The Central Bank Governor was clearly distressed over the terrorist outrage but his views on the matter were dispassionate and analytical. He asserted that while it could be argued that poverty and mis-education formed the basis for the emergence of the syndrome government had also created circumstances that had encouraged miscreants to politicise their misconduct. According to Dr. Sanusi the apparent willingness of the authorities to appease terrorist activity in some parts of the country may have encouraged insurgent activity in other parts of the nation. He also asserted that the penchant for regional appeasement in the race for national leadership that has been encouraged by the present democratic dispensation was undermining national unity from within.

To say the least these were remarkably independent views to be expressed by a senior official of government on an international media outlet. They indicated that Dr. Sanusi is neither afraid to hold stridently independent views and express them regardless of whether they match government rhetoric or not, but that he is also very articulate in expressing such views. In discussing the issue of government's removal of the fuel subsidy and the consequential breakdown of trust between the citizens and their leaders he was even more outspoken.
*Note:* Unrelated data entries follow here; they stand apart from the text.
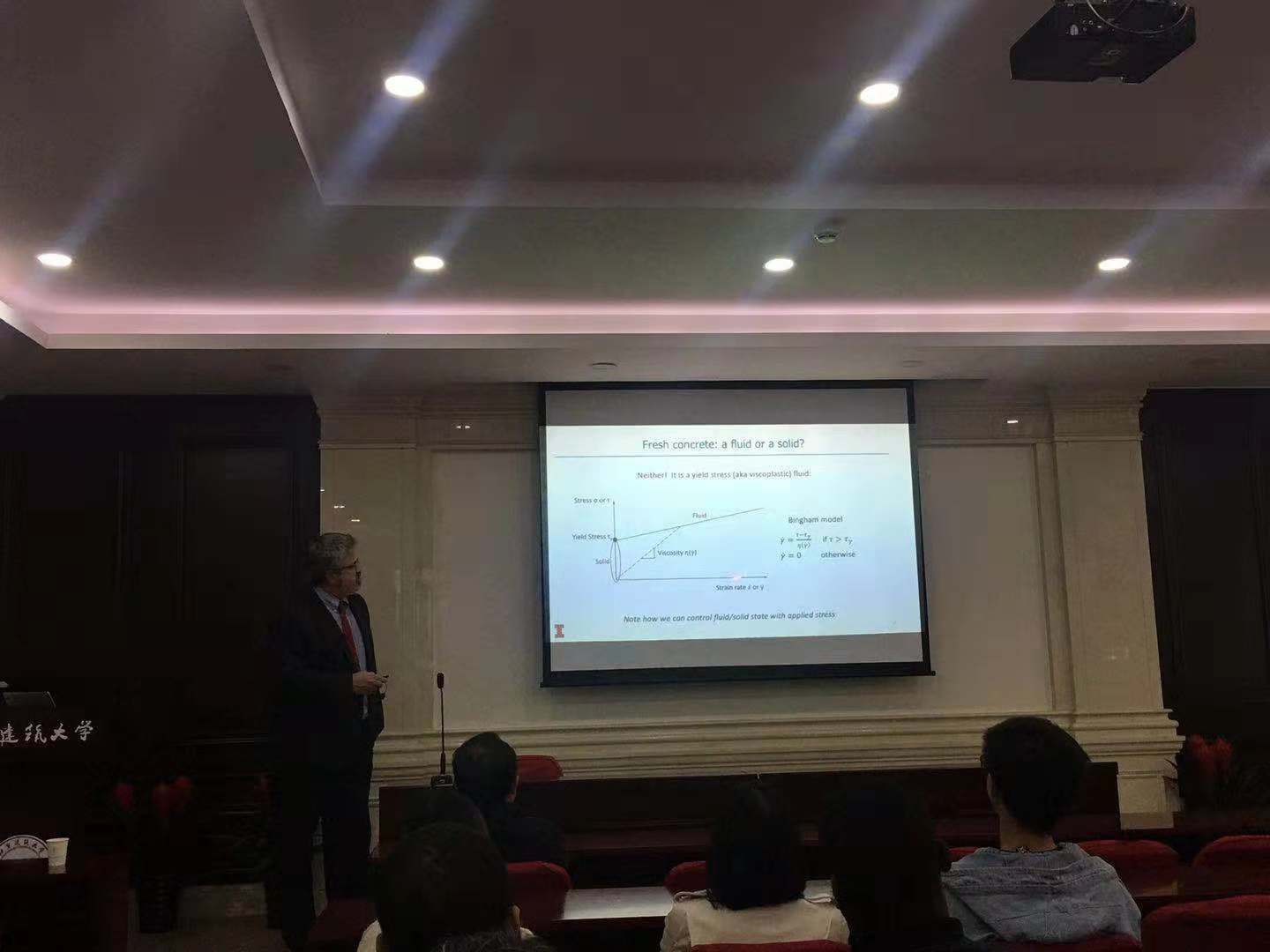 David A. Lange教授开始介绍了混凝土3D打印技术相关性能以及其在结构中的应用。Lange教授介绍了3D打印混凝土的优点,包括节约建造时间、节省劳动力和资金、可以减伤对环境的污染以及能满足制造复杂的形状。在此基础上,教授进一步介绍了相关混凝土的物理性质,包括流动性、屈服应力、内部微观结构等等。重点介绍了有关可再生混凝土细骨料和泡沫混凝土的研究成果,并介绍了X线计算机断层扫描技术在确定混凝土微观结构上的应用。在实验分析的基础上,应用LS-DYNA软件,教授团队进一步提出了模拟混凝土动态挤压的有限元模型。讲座结束后,David A. Lange教授与参加讲座师生展开热烈讨论,并详细回答了大家的问题,会后大家都表示受益匪浅。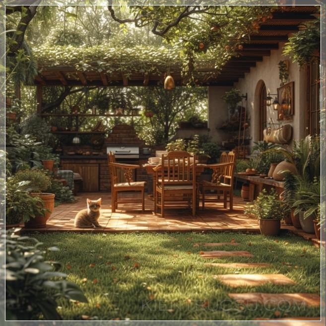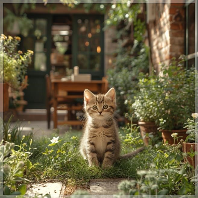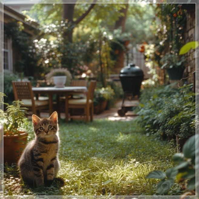 Capturing a frontal perspective, this image features a flourishing garden adorned with vibrant green plants thoughtfully arranged in symmetrical patterns, meticulously following the principles of landscape design. Adjacent to a barbecue, elegant garden furniture--a table and chairs--are perfectly positioned amidst a carpet of lush, green grass. At the heart of the composition sits an adorable kitten, charmingly centered and enhancing the scene's appeal. The arrangement adheres meticulously to the golden ratio, ensuring a harmonious balance, while sustainable light and shadow play contribute to the overall picturesque quality of the setting --v 6.0 --s 750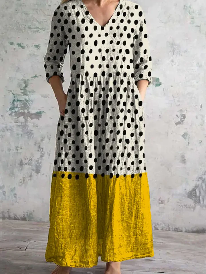 Women's Art Polka Dots Pattern Cotton And Linen Dress

He asserted that it was inaccurate to describe the Nigerian policy as a subsidy.

Strictly speaking, he said, Nigeria's government had pegged the price of fuel for domestic consumption at a price that had to be maintained regardless of what obtained in the international market. In order to sustain that pegged price government guaranteed its importers that it would make up the shortfall in cost whenever it occurred and since the international price of crude oil had fluctuated wildly going from about $50.00 to over $120.00 per barrel the cost of refined products had also fluctuated and this had rendered government's guarantee both unrealistic and unsustainable.

His argument was simply that there had to be a strategic reform of this policy sooner rather than later but he also believed that Government must be able to ease the burdens of cost that the average consumer was likely to bear as this reform is put in place. Again it sounded as if Dr. Sanusi was being critical of the very government of which he was a part, but everything that he said made absolute sense. It was a sharp and revelatory performance coming from a senior government bureaucrat and it is to be hoped that the advice given to the authorities by him reflects these qualities.